In 1916, the squadron was detached to the Nore Command to guard the British southern coast, and some ships were assigned to other operations elsewhere. Hibernia and Zealandia were sent to the eastern Mediterranean in late 1915 to take part in the Gallipoli Campaign, though they saw little activity there apart from during the evacuation of Allied forces from the peninsula in early 1916. Zealandia returned to the 3rd Battle Squadron after the end of the Gallipoli Campaign. That year, Britannia was sent to the Adriatic Sea to reinforce the Italian Regia Marina (Royal Navy) against the Austro-Hungarian Navy, though she saw no action there. Africa was attached to the 9th Cruiser Squadron for service in the Atlantic Patrol in 1917, tasked with escorting convoys between Sierra Leone and Cape Town, South Africa. Africas crew was stricken with Spanish flu while she was in Sierra Leone in 1918, with some 476 men reported ill and 52 deaths.
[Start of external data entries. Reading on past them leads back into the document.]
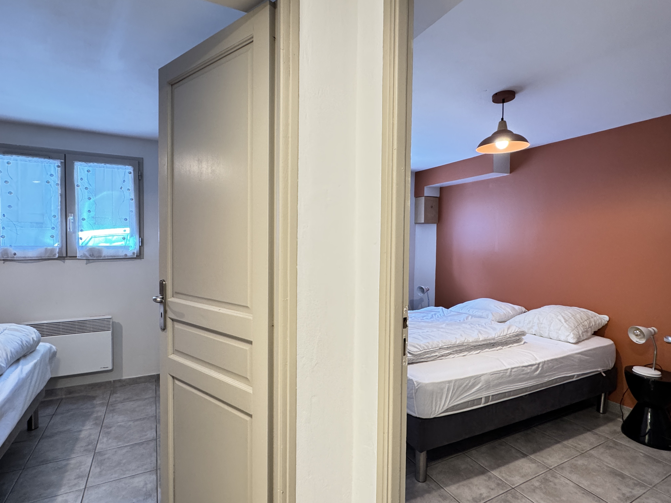 Once inside, the large living room has an 8-person dining table, 2 sofas; a fitted kitchen with gas hob, fridge-freezer, built-in oven and microwave, dishwasher, filter and Senséo coffee maker, toaster, kettle, raclette machine.
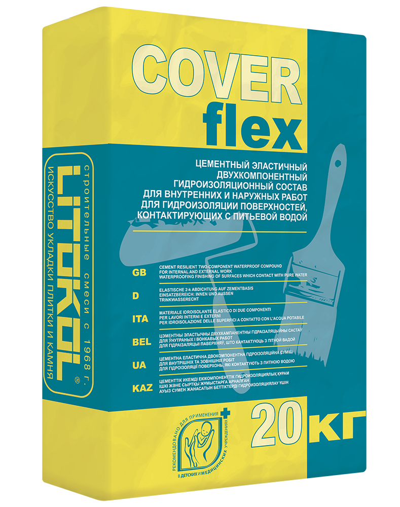 Повышенная эластичность. Идеально для поверхностей с нестандартной геометрией (сфера, ломаные поверхности или поверхности с большим количеством углов). Эластичность при отрицательной температуре. Высокая прочность сцепления с основанием. Отсутствие швов. Низкий расход. Устойчивость к агрессивному воздействию хлоридов, сульфатов и углекислому газу. Экологичность. Соответствует классу CM02P. Применяется для наружных и внутренних работ в отапливаемых и неотапливаемых, влажных помещениях всех типов: жилые помещения, подвалы, подземные парковки; фундаменты, смотровые колодцы, лифтовые шахты; применяется в системе «теплый пол». Подходит для фасадов, цоколей, отмосток, фонтанов, бассейнов, SPA и резервуаров для воды. Цвет: светло-серый Пропорции при приготовлении: 10 кг COVERFLEX B на 20 кг COVERFLEX A Прочность сцепления с основанием (адгезия): ≥ 1,7 МПа Прочность сцепления с основанием (адгезия) после выдержки в воде: ≥ 1,4 МПа Температура применения: от +5 °С до +35 °С Температура эксплуатации: от -50 °С до +90 °С Минимальное количество слоёв нанесения: 2 слоя Рекомендуемая толщина одного слоя: 1 мм Максимальная общая толщина: 2 мм Расход при толщине слоя 1 мм: 1,6 кг/м?2; Время использования: около 60 мин Время высыхания одного слоя: около 3-4 ч Водонепроницаемость: W10 Способность перекрывать трещины: 1,5 мм Способность перекрывать трещины при -20 °С: ≥ 0,75 мм Водопоглощение при капиллярном подсосе: ≤ 0,1 кг/м?2;*ч??rime;? Группа горючести: НГ (негорючий) С этим товаром смотрятОтзывы о Гидроизоляция Полимерцементная 2-х комп. Litokol Coverflex 20кг Компонент A.Отзывов пока не было. Вы можете оставить его первым
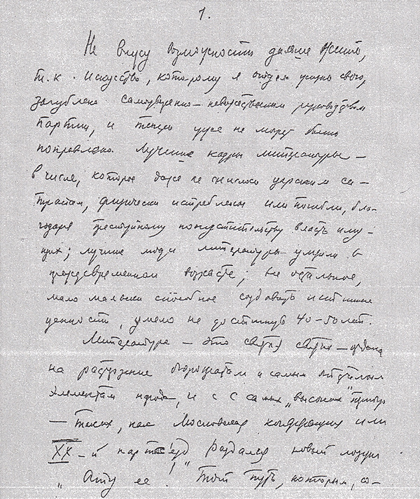 Вот Фадеев и обвинил ЦК КПСС в уничтожении «ленинских принципов руководства» и страной, и советской литературой. «Лучшие кадры литературы - в числе, которое даже не снилось царским сатрапам, физически истреблены или погибли, благодаря преступному попустительству власть имущих; лучшие люди литературы умерли в преждевременном возрасте; все остальное, мало-мальски способное создавать истинные ценности, умерло, не достигнув 40-50 лет. Литература -- это святая святых -- отдана на растерзание бюрократам и самым отсталым элементам народа, и с самых «высоких» трибун -- таких как Московская конференция или XX партсъезд -- раздался новый лозунг «Ату ее!», -- писал Фадеев.

That year, Commonwealth and Zealandia were heavily modernised, with the former being used briefly on the Northern Patrol in 1918 before serving as a gunnery training ship. Zealandia was never actually used as a training ship, but she was involved in fire control experiments and was later used as a barracks ship. Dominion and Hindustan served as depot ships to support the Zeebrugge Raid in 1918. Britannia was torpedoed by the German U-boat off Cape Trafalgar on 9 November, just two days before the Armistice with Germany that ended the fighting; she was one of the last British warships to be lost during the war. The torpedo started a serious fire in one of her 9.2-inch magazines, but like King Edward VII, she remained afloat long enough for her crew to be taken off, though some fifty men were killed in the torpedoing and subsequent fire. The six surviving members of the class were sold to ship breakers between 1920 and 1923 and were subsequently broken up for scrap.